══ PROVIDED MATERIAL

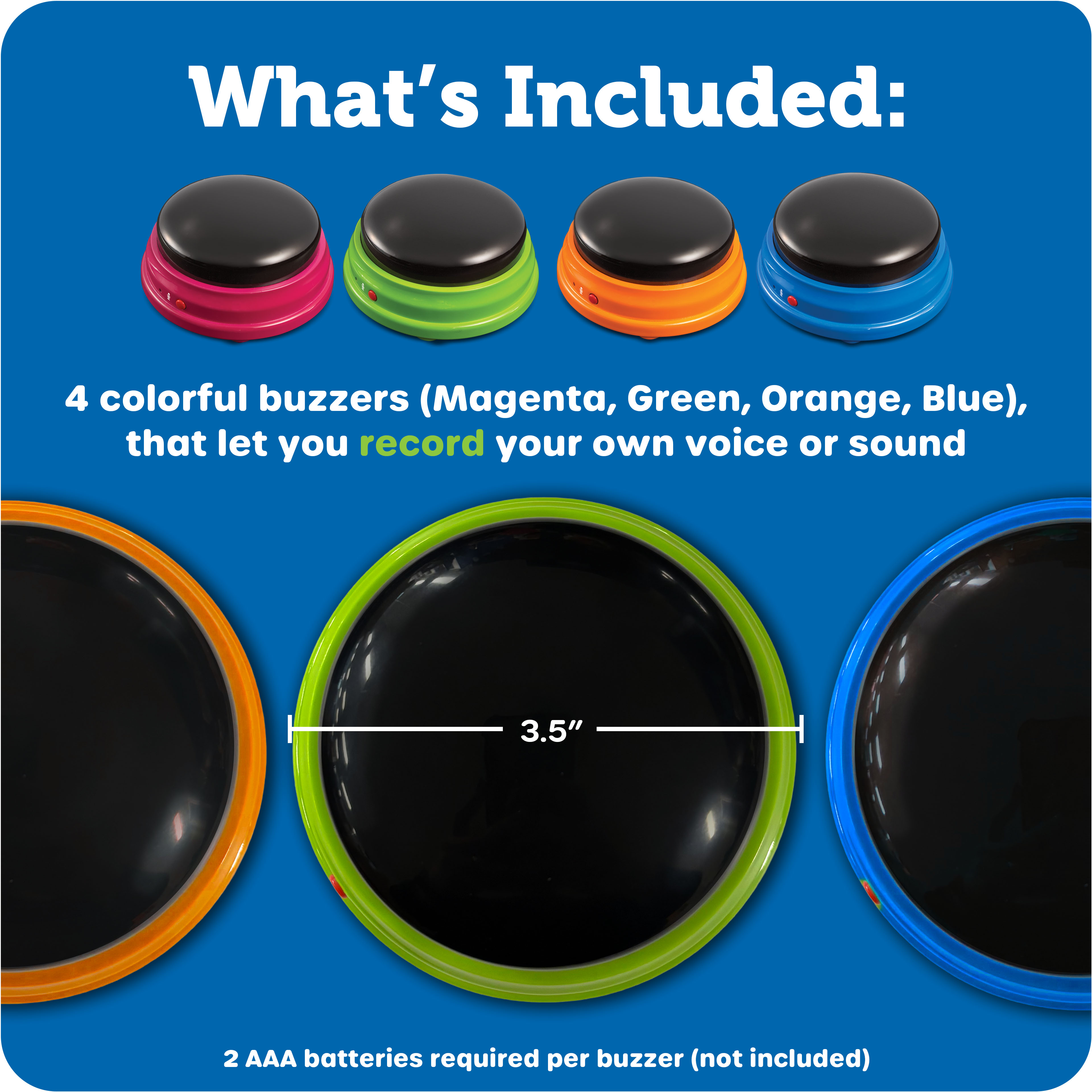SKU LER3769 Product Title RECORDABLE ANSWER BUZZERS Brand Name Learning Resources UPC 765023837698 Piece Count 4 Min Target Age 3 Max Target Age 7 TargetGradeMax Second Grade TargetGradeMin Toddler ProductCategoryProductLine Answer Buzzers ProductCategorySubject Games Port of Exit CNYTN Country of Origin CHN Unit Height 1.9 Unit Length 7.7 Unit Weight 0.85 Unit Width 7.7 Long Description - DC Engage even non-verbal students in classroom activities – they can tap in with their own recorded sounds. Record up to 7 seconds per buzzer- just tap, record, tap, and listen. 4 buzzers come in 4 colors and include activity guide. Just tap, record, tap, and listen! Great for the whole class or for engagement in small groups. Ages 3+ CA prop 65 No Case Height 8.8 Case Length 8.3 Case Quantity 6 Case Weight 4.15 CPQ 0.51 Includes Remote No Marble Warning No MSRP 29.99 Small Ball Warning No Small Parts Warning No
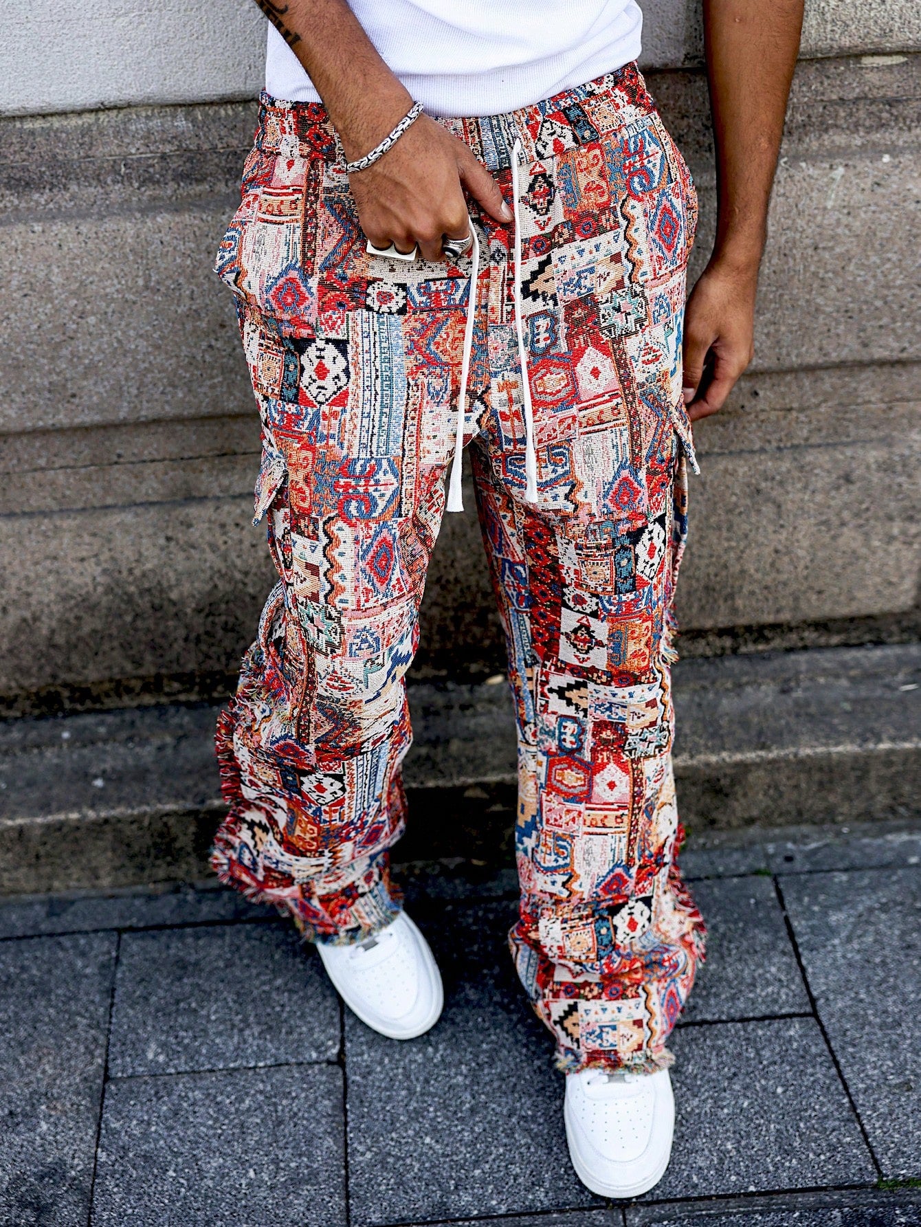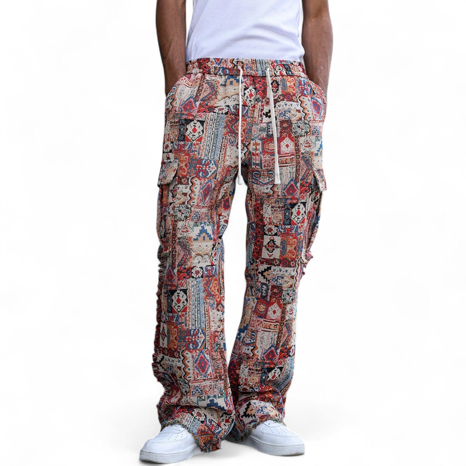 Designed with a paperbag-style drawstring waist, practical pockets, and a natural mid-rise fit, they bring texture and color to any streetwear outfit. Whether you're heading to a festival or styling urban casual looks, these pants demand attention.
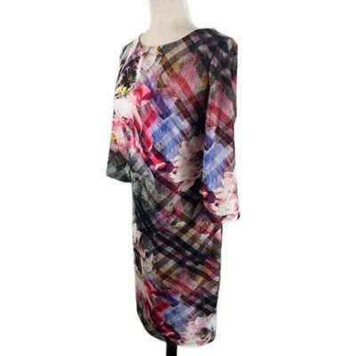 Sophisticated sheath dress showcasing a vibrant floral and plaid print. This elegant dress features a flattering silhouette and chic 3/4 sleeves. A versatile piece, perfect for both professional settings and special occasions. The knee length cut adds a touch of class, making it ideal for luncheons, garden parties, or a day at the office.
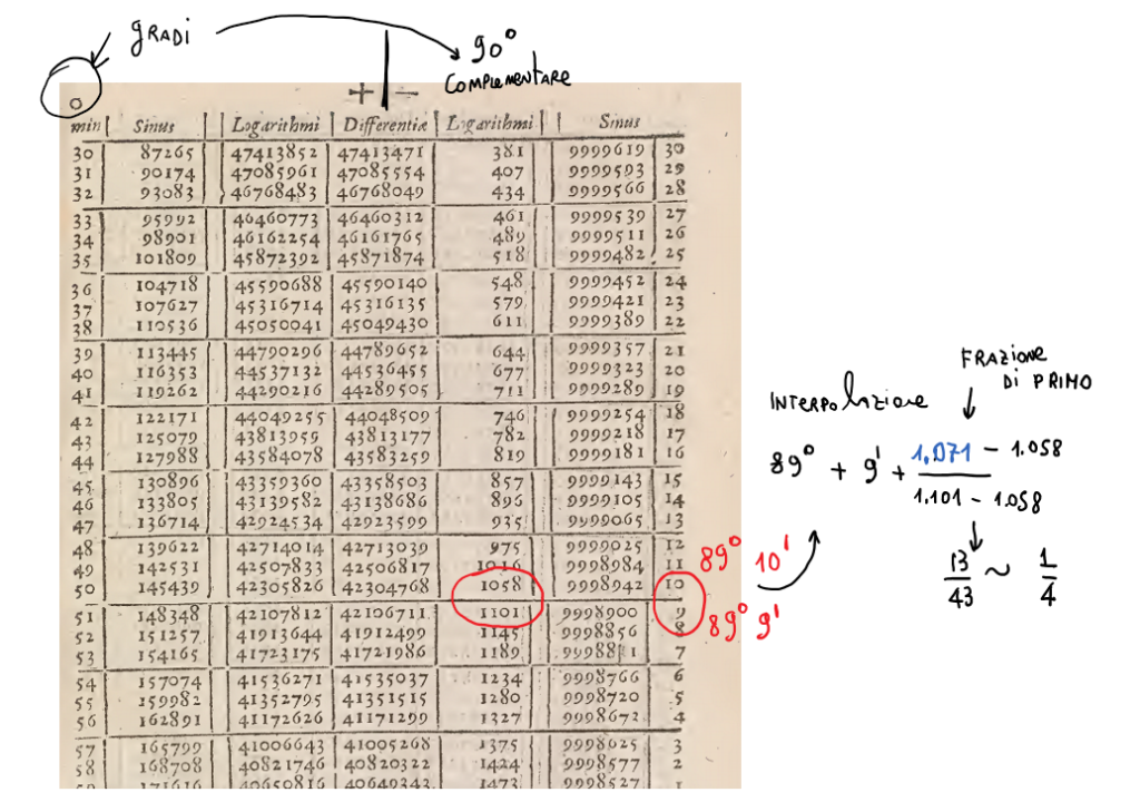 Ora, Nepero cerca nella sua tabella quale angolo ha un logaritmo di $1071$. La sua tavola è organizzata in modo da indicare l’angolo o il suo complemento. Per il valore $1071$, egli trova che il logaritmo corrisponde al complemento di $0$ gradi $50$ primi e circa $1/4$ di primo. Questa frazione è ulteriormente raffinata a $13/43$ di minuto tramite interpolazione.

════

◆ WORK REQUIRED
Everything in the listing above is to be given again exactly, apart from the pictures.

◆ WRITTEN RESPONSE
SKU LER3769 Product Title RECORDABLE ANSWER BUZZERS Brand Name Learning Resources UPC 765023837698 Piece Count 4 Min Target Age 3 Max Target Age 7 TargetGradeMax Second Grade TargetGradeMin Toddler ProductCategoryProductLine Answer Buzzers ProductCategorySubject Games Port of Exit CNYTN Country of Origin CHN Unit Height 1.9 Unit Length 7.7 Unit Weight 0.85 Unit Width 7.7 Long Description - DC Engage even non-verbal students in classroom activities – they can tap in with their own recorded sounds. Record up to 7 seconds per buzzer- just tap, record, tap, and listen. 4 buzzers come in 4 colors and include activity guide. Just tap, record, tap, and listen! Great for the whole class or for engagement in small groups. Ages 3+ CA prop 65 No Case Height 8.8 Case Length 8.3 Case Quantity 6 Case Weight 4.15 CPQ 0.51 Includes Remote No Marble Warning No MSRP 29.99 Small Ball Warning No Small Parts Warning No
 Designed with a paperbag-style drawstring waist, practical pockets, and a natural mid-rise fit, they bring texture and color to any streetwear outfit. Whether you're heading to a festival or styling urban casual looks, these pants demand attention.
 Sophisticated sheath dress showcasing a vibrant floral and plaid print. This elegant dress features a flattering silhouette and chic 3/4 sleeves. A versatile piece, perfect for both professional settings and special occasions. The knee length cut adds a touch of class, making it ideal for luncheons, garden parties, or a day at the office.
 Ora, Nepero cerca nella sua tabella quale angolo ha un logaritmo di $1071$. La sua tavola è organizzata in modo da indicare l’angolo o il suo complemento. Per il valore $1071$, egli trova che il logaritmo corrisponde al complemento di $0$ gradi $50$ primi e circa $1/4$ di primo. Questa frazione è ulteriormente raffinata a $13/43$ di minuto tramite interpolazione.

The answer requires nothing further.